Рыцарь, не теряя времени, ведет меня в свой замок, прямо в кабинет на втором этаже, и вываливает на стол документы, так беспорядочно и с таким презрением, что мне совершенно ясно: он никогда ими не занимался, поскольку все эти бумаги навевают на него скуку и отвлекают от высших материй; потом он и вовсе оставляет меня одного, удалившись в соседнюю комнату, даже не дав себе труда прикрыть дверь. Признаюсь, как и всякий нотариус, я имею скверную привычку не лезть не в свое дело и не совать свой нос куда не следует. Поэтому только краем глаза кошусь на богато украшенные створки, но разглядеть почти ничего не удается. Зато слышится странный шум, только усиливающий мое любопытство и вызывающий смутные воспоминания о детстве, кажется, о том времени, когда в нашем доме только появилась Виоланте и мне снова пришлось разлучиться с матерью, полностью посвятившей себя этой незваной маленькой гостье, которой отдала всю любовь.

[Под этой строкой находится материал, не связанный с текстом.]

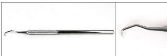
MPTSP5 Stainless steel probe - Triple bend tip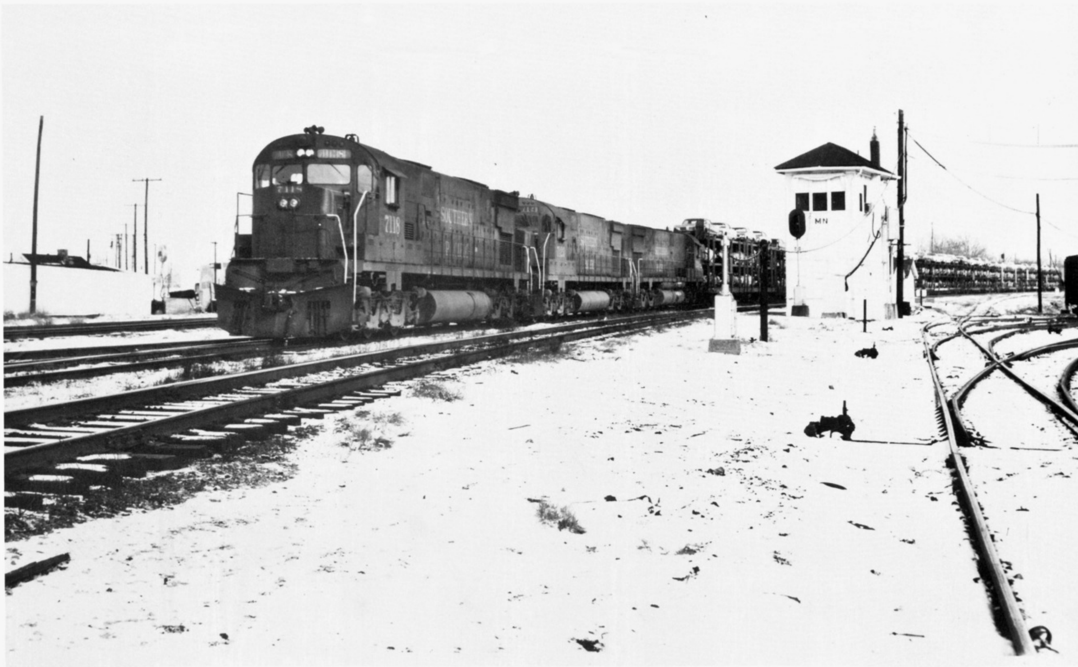
Leased Southern Pacific Alco C628s roll southward past MN Tower at East Louisville in 1971. The gray and scarlet-nosed units were part of a group leased at the time to help the L&N through a power shortage. The train includes a large cut of loaded tri-levels.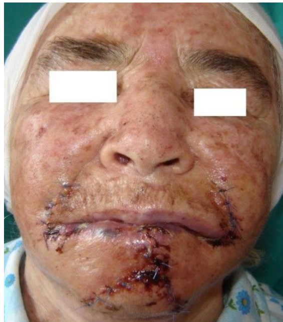
Figure 2 Postoperative 5th day, view of patient

Histopathology report of a previous incisional biopsy performed 15 days ago was reported as pleomorphic adenoma. There was no palpable lymph node on her neck examination. We performed complete removal of tumor from lower lip and repair of tissue defect using Bernard-Burow technique (Figure 2).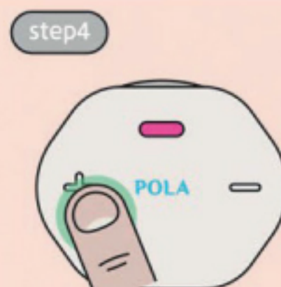
step4 Press (+,-) button to adjust the intensity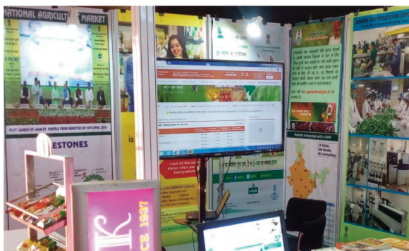
SFAC participated in India International Trade Fair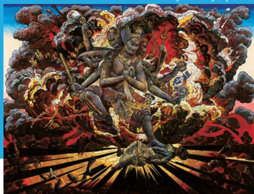
Rebuking (2015) Koji Kinutani

Я встаю, подхожу к открытой двери и сквозь щель вижу следующую сцену. Высокая и просторная кровать с расписным изголовьем. Какая-то молодая женщина кормит ребенка, держа другую женщину за руку. И я узнаю ее, узнаю эту вздымающуюся грудь, эти золотые волосы, и мне кажется, что она, тоже на мгновение вскинув свои огромные синие глаза, видит меня. Нет, это не она, не может быть, это призрак!

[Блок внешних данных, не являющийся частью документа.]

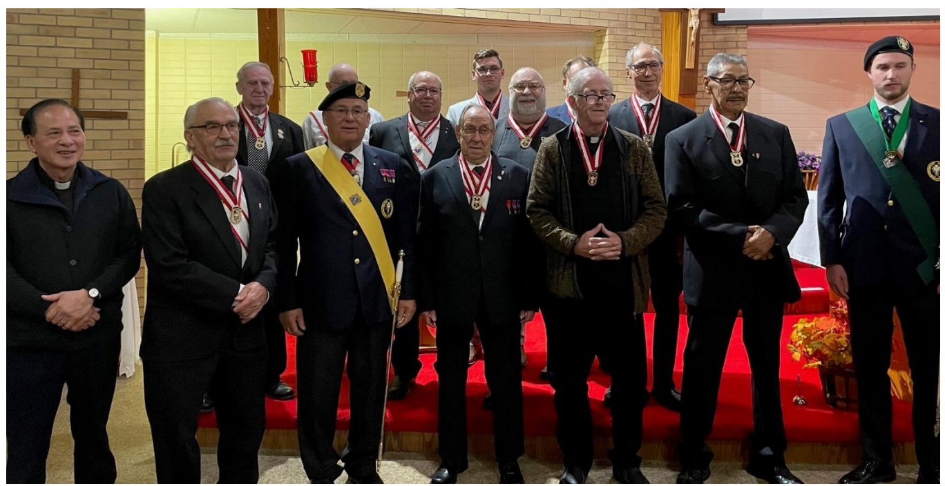
Installation of Assembly Officers- North Battleford- October 23<sup>rd</sup>, 2023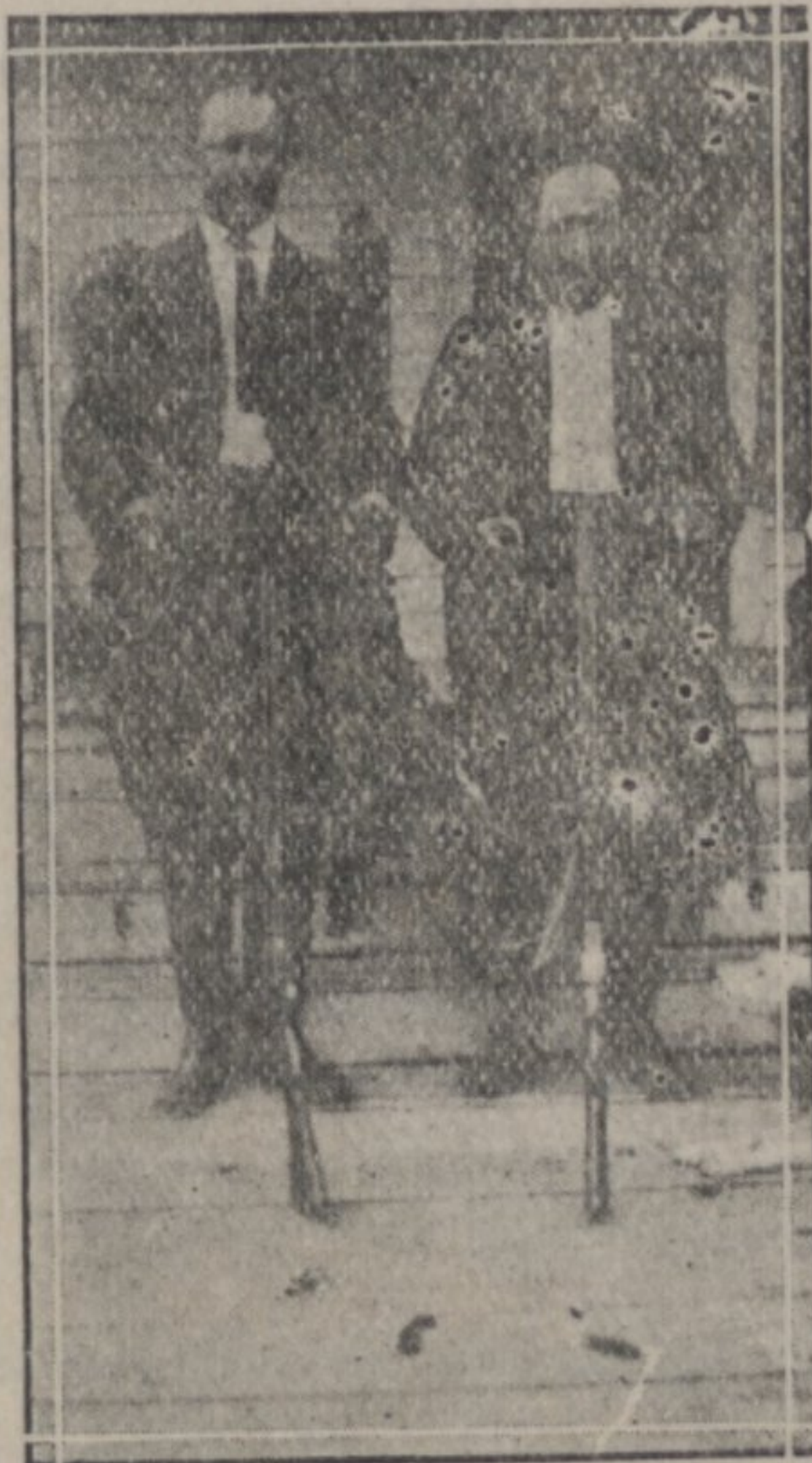
Wild Game Plentiful in Eastern Carolina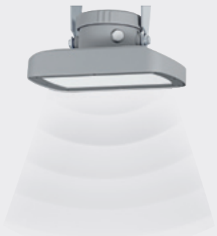
Low power radar for field applications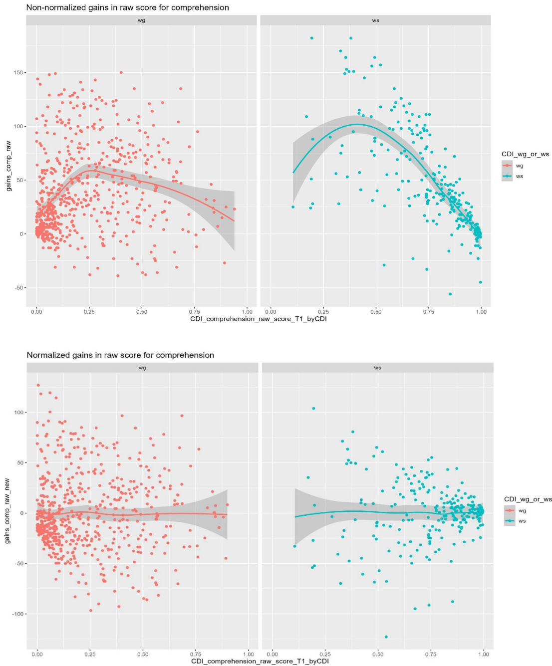
Figure 1. Non-normalized (top) and normalized (bottom) gains in comprehension vocabulary as a function of the adjusted CDI score at T1 for the CDI tools Words and Gestures (wg) and Words and Sentences (ws). See Analyses_2.Rmd code on https://osf.io/ty9mn/ for data on production.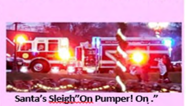
Santa's Sleigh "On Pumper! On."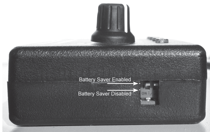
Figure 4. Move Switch 1 to the down position to disable the battery saver. Switch 2 is not used.

The battery saver can be disabled if you are using a dedicated power source. To disable the battery saver, move Switch 1 (located inside the small square hole on the left side of the control box) to the down position ( Figure 4 ). The down position is actually labeled "ON", which disables the battery saver. Switch 2 is not used.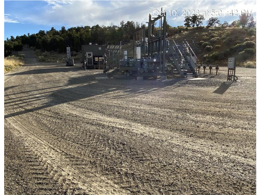
Production facility from Northeast corner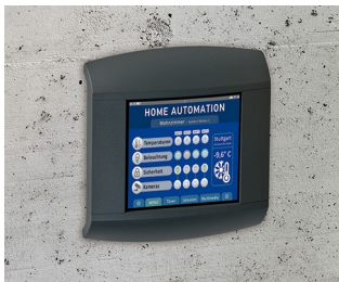
Control panel for home automation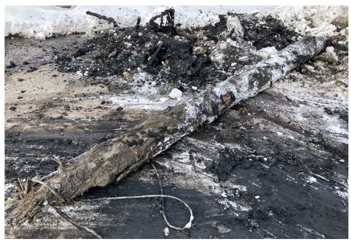
Photograph 4 – Example miscellaneous timber, front view.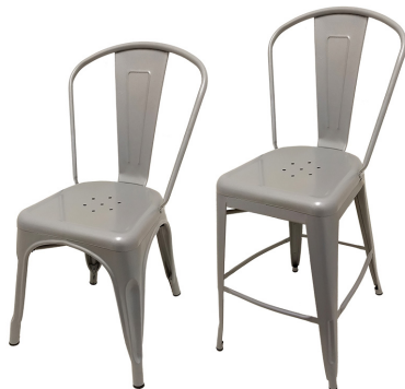
Smokestack (Silver) Steel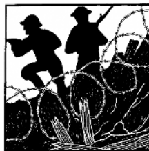
THE GREAT WAR 1914 - 1918

But in the end it was economics, not military tactics, that decided the day.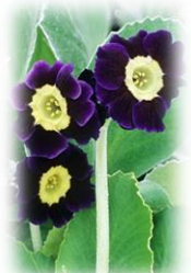
West Acre Gardens at Castle Acre

Я, пошатываясь, отступаю и тяжело падаю в кресло, вцепившись в подлокотники. Кровь застывает в жилах, руки холодеют, ни вдохнуть, ни выдохнуть. Именно в таком состоянии меня и находит рыцарь. Я, запинаясь, бормочу, что бумаги слишком запутанны, нужно будет вернуться еще не один раз или даже съездить в Винчи, чтобы все тщательно проверить. Небрежный жест – он меня отпускает, – и вот я уже очертя голову несусь по узкой и крутой лестнице, на каждом шагу рискуя споткнуться и упасть. Потом оказываюсь на улице и, не зная, куда идти, опираюсь на парапет, нависший над рекой. Может, перевалиться через него и утонуть? Я оглядываюсь на окна и, кажется, вижу тень, наблюдающую за мной сквозь свинцовое стекло. Это так смахивает на помешательство, что я, уронив голову в руки, захожусь в рыданиях.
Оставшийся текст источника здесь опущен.